- **WHAT YOU NEED TO DO**: Print out the data below in full and exactly, skipping the pictures.

*** Opening of GIVEN INFORMATION ***

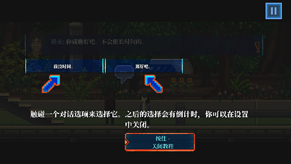 5、触碰一个对话选项来选择对话。之后的选择会有倒计时,你可以在设置中关闭。
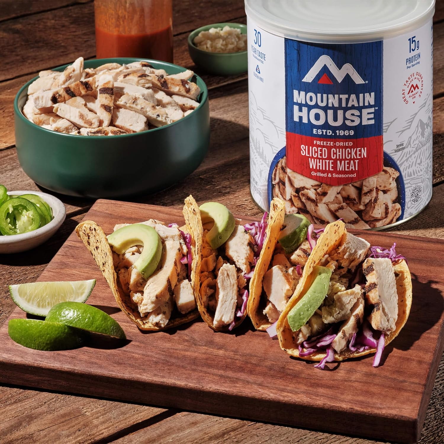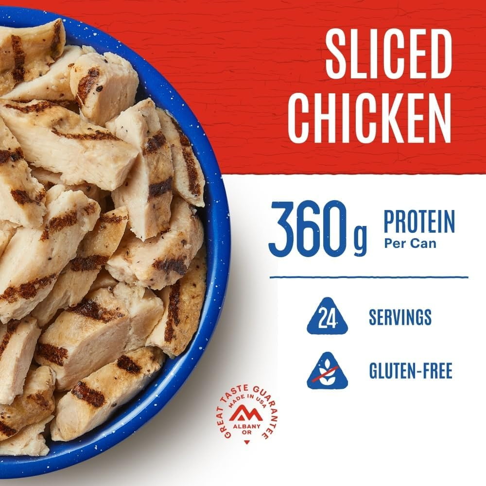 Mountain House Grilled Sliced Chicken #10 Can ✅ Freeze Dried Survival & Emergency Camping Food | 24 Servings can- 6 Cans ✅. Emergencies can come in many forms. Sometimes it involves a power outage and sometimes it is unexpected guests. Either way, Mountain House has you covered. Our freeze-dried meats are not only delicious and comforting, but they are easy to prepare no matter what environment you find yourself in. Mountain House Grilled Sliced Chicken does not require any cooking. Simply open the can, add water, stir, wait a few minutes, drain excess water, and serve. You will have delicious, tender, sliced white chicken with the perfect amount of seasoning in less than ten minutes! Mountain House Grilled Sliced Chicken is perfect for everyday cooking, family camping trips, or emergency food and survival food storage. Use in your favorite recipes like tacos, salads, casseroles, and more. With each can containing 24 servings, you can feed the whole group! Since 1969, Mountain House has been the favorite food choice among adventure and emergency preparation specialists. This real world experience with our products allows us to prove with confidence that – with proper care – your food investment will remain fresh for over 30 years! In fact, Mountain House meals have the longest proven shelf life in the industry and we back up that claim with our 30-Year Taste Guarantee. Have peace of mind with Mountain House
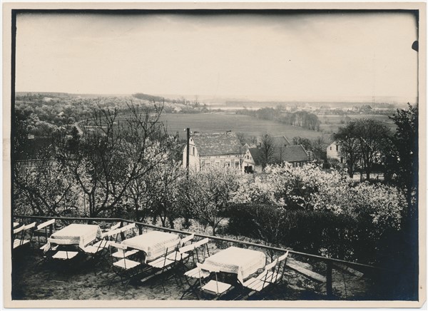 Text auf der Karte: Blick vom Restaurant zur Bergmeierei Entstehungszeit der Karte: ca. 1920 Kartenart: Ansichtskartenvorlage 13x18 Kartentechnik: SW-Foto Verlag: Max Hochgeladen, Potsdam Gelaufen/ungelaufen: ungelaufen Zustand (I=sehr gut bis V=mangelhaft): I Häufigkeit (h=häufig bis rrr=sehr selten): r Heutige(r) Straßenname(n): Zur Bergmeierei (Geltow)
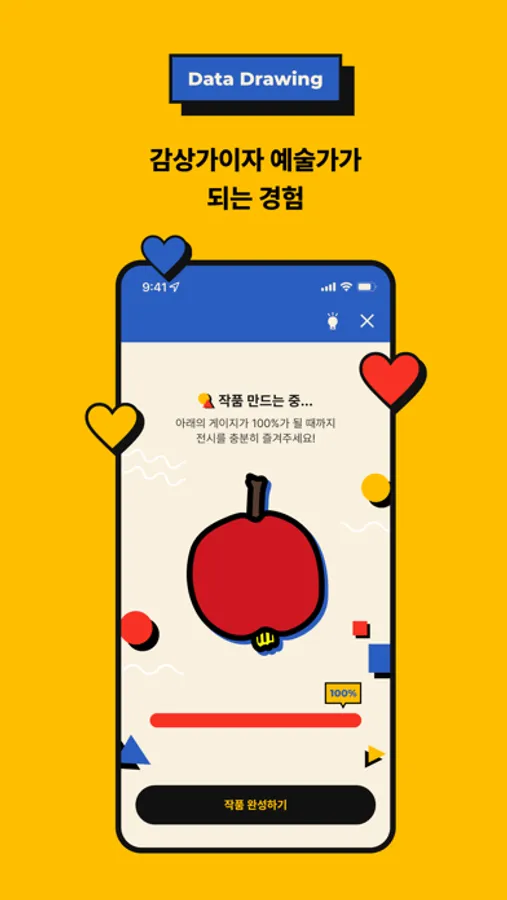 수집된 동선 데이터를 기반으로 관람자 맞춤형 분석 이미지가 생성되며 앱의 "내 작품 보기" 에서 확인할 수 있습니다. 직접 만든 하나뿐인 작품들을 수집하고, 다양한 형태로 뽐내며 특별한 미술관 경험을 누려보세요.

*** Close of GIVEN INFORMATION ***

- **FINISHED TASK**:
 5、触碰一个对话选项来选择对话。之后的选择会有倒计时,你可以在设置中关闭。
 Mountain House Grilled Sliced Chicken #10 Can ✅ Freeze Dried Survival & Emergency Camping Food | 24 Servings can- 6 Cans ✅. Emergencies can come in many forms. Sometimes it involves a power outage and sometimes it is unexpected guests. Either way, Mountain House has you covered. Our freeze-dried meats are not only delicious and comforting, but they are easy to prepare no matter what environment you find yourself in. Mountain House Grilled Sliced Chicken does not require any cooking. Simply open the can, add water, stir, wait a few minutes, drain excess water, and serve. You will have delicious, tender, sliced white chicken with the perfect amount of seasoning in less than ten minutes! Mountain House Grilled Sliced Chicken is perfect for everyday cooking, family camping trips, or emergency food and survival food storage. Use in your favorite recipes like tacos, salads, casseroles, and more. With each can containing 24 servings, you can feed the whole group! Since 1969, Mountain House has been the favorite food choice among adventure and emergency preparation specialists. This real world experience with our products allows us to prove with confidence that – with proper care – your food investment will remain fresh for over 30 years! In fact, Mountain House meals have the longest proven shelf life in the industry and we back up that claim with our 30-Year Taste Guarantee. Have peace of mind with Mountain House
 Text auf der Karte: Blick vom Restaurant zur Bergmeierei Entstehungszeit der Karte: ca. 1920 Kartenart: Ansichtskartenvorlage 13x18 Kartentechnik: SW-Foto Verlag: Max Hochgeladen, Potsdam Gelaufen/ungelaufen: ungelaufen Zustand (I=sehr gut bis V=mangelhaft): I Häufigkeit (h=häufig bis rrr=sehr selten): r Heutige(r) Straßenname(n): Zur Bergmeierei (Geltow)
 수집된 동선 데이터를 기반으로 관람자 맞춤형 분석 이미지가 생성되며 앱의 "내 작품 보기" 에서 확인할 수 있습니다. 직접 만든 하나뿐인 작품들을 수집하고, 다양한 형태로 뽐내며 특별한 미술관 경험을 누려보세요.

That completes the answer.